**HOW TO COMPLETE THIS TASK**
Return exactly the lines below, starting with the one that has "I got back to" and going on through the one that has "氷山にたとえると、海面から出".

**INPUT DATA**
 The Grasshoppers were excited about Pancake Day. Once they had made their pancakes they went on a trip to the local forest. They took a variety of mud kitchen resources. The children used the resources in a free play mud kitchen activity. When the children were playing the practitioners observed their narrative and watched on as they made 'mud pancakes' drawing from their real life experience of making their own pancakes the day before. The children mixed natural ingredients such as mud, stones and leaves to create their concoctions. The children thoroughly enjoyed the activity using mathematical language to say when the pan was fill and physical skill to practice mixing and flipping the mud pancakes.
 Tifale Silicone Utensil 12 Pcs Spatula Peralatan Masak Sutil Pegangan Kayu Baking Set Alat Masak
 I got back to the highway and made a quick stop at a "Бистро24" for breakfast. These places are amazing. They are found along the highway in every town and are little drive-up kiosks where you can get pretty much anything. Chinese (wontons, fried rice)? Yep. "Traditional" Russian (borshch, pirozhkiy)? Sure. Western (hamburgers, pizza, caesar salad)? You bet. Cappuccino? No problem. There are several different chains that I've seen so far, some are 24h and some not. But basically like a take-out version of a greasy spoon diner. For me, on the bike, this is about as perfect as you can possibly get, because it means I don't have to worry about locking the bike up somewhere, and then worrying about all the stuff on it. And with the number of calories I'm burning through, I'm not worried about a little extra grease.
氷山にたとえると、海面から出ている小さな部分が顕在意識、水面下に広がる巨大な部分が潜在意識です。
...
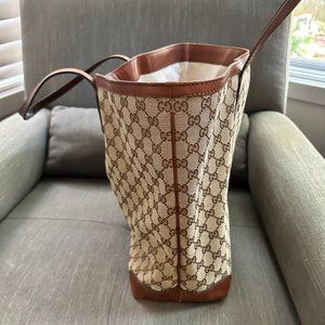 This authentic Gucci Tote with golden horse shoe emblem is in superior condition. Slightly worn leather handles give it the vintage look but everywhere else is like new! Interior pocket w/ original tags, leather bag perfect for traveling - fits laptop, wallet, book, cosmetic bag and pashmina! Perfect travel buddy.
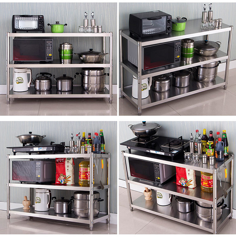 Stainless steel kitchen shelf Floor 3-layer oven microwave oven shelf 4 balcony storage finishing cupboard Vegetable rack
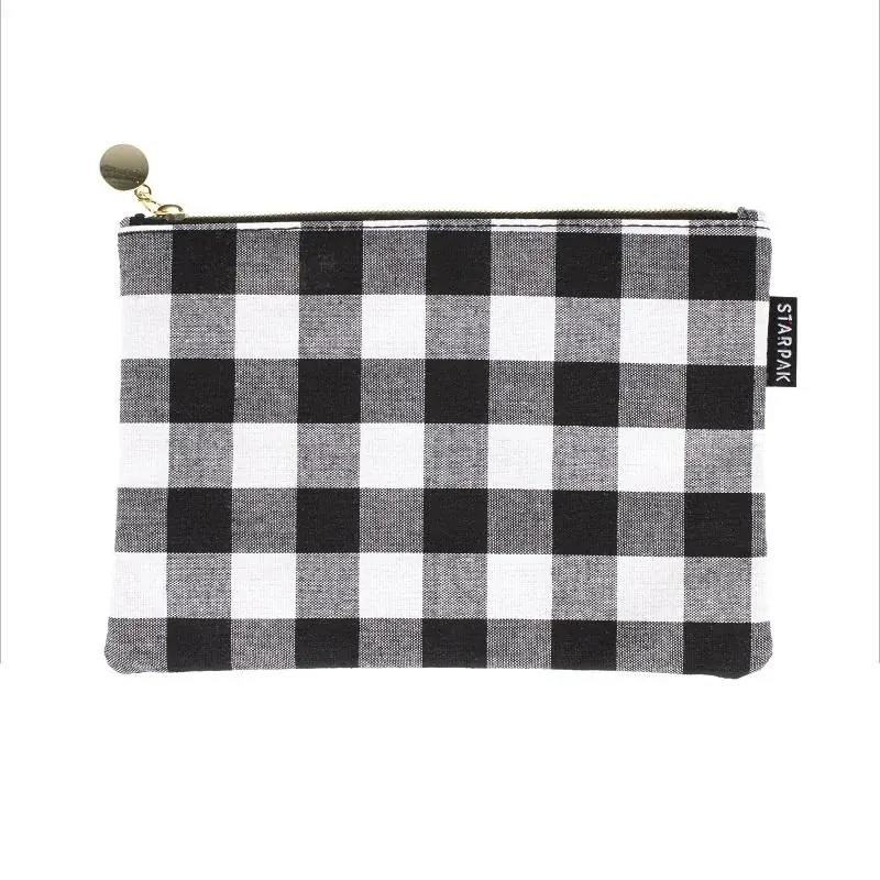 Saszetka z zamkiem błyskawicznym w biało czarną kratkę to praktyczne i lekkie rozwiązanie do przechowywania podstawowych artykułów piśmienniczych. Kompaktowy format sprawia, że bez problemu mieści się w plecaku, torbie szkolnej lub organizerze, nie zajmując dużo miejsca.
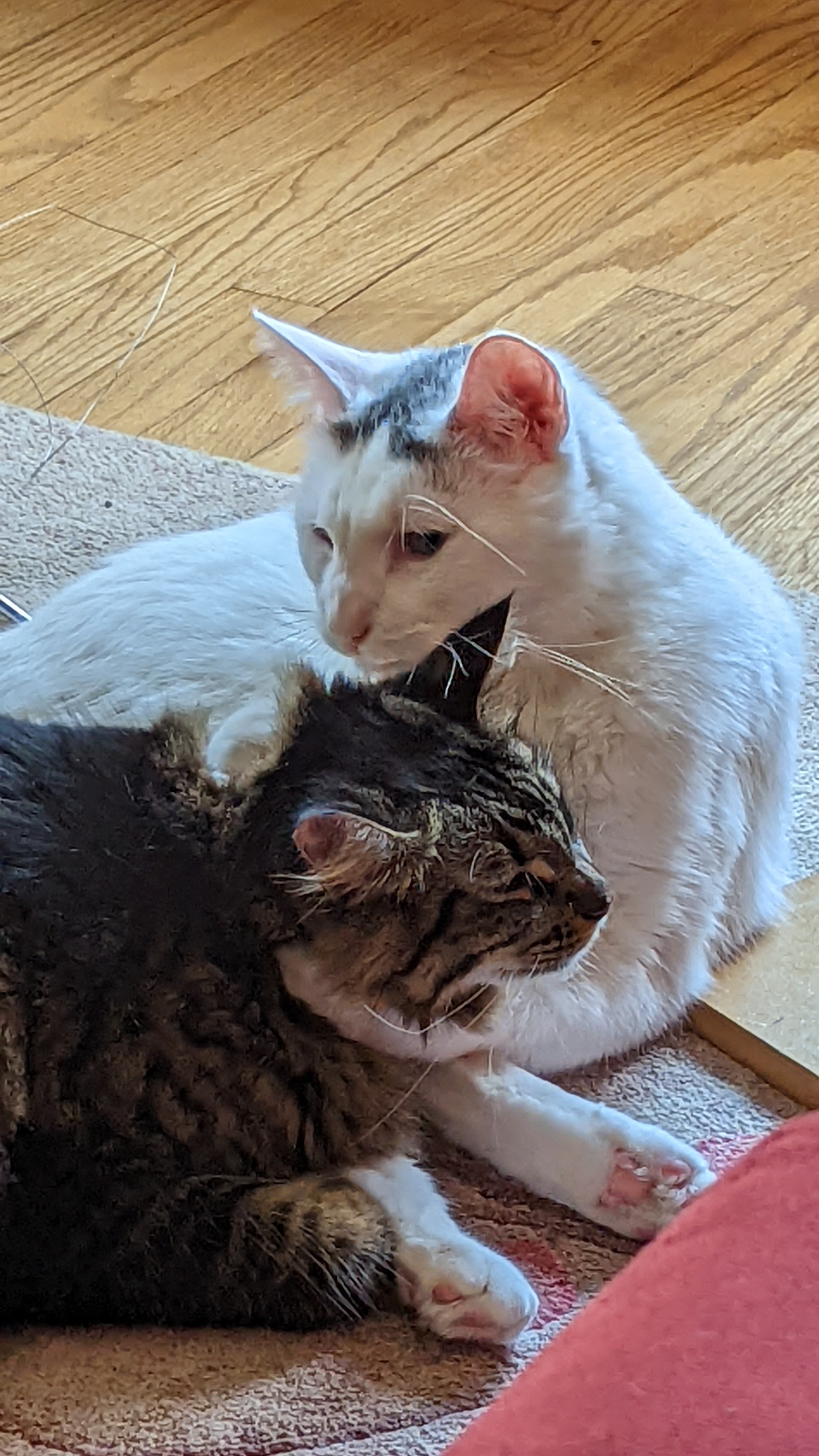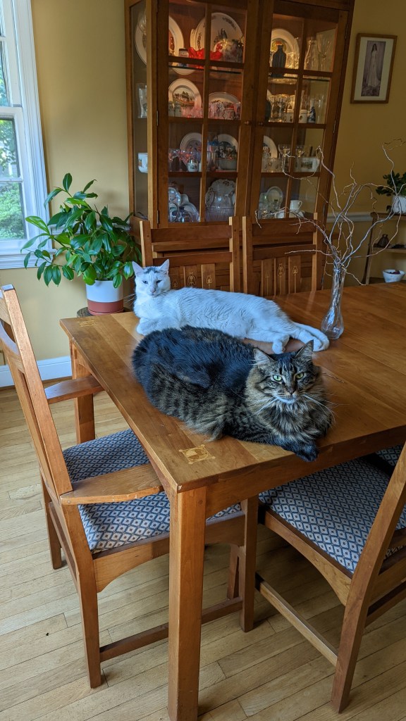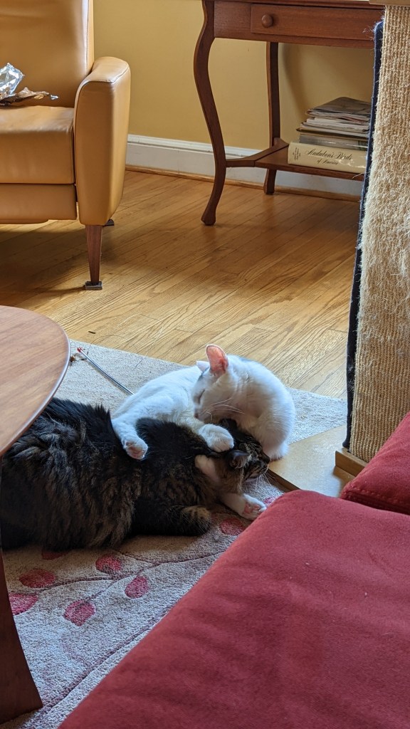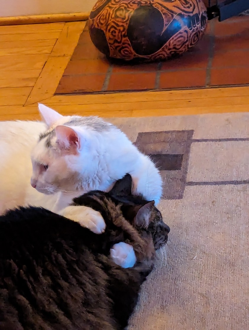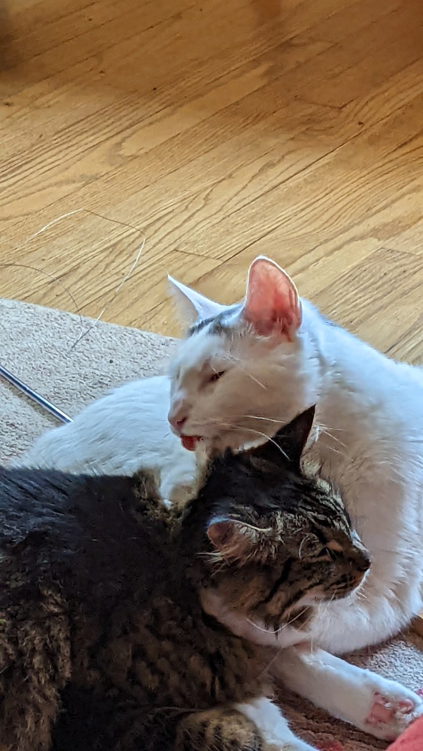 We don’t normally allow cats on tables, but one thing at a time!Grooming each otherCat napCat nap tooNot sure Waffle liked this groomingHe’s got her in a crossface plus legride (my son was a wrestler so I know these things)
--
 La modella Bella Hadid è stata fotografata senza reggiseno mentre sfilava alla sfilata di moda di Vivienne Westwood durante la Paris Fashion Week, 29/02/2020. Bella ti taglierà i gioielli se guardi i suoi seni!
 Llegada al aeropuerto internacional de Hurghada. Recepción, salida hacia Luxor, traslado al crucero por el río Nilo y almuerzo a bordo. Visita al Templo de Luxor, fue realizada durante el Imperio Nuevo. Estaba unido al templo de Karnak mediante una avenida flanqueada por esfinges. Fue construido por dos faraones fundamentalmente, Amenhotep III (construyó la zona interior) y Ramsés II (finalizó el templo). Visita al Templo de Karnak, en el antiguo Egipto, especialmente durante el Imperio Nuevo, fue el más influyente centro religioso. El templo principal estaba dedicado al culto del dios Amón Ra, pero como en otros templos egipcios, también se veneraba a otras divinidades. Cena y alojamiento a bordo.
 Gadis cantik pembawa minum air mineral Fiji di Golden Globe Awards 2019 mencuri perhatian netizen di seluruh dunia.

**ANSWER TO THIS PROBLEM**
 I got back to the highway and made a quick stop at a "Бистро24" for breakfast. These places are amazing. They are found along the highway in every town and are little drive-up kiosks where you can get pretty much anything. Chinese (wontons, fried rice)? Yep. "Traditional" Russian (borshch, pirozhkiy)? Sure. Western (hamburgers, pizza, caesar salad)? You bet. Cappuccino? No problem. There are several different chains that I've seen so far, some are 24h and some not. But basically like a take-out version of a greasy spoon diner. For me, on the bike, this is about as perfect as you can possibly get, because it means I don't have to worry about locking the bike up somewhere, and then worrying about all the stuff on it. And with the number of calories I'm burning through, I'm not worried about a little extra grease.
氷山にたとえると、海面から出ている小さな部分が顕在意識、水面下に広がる巨大な部分が潜在意識です。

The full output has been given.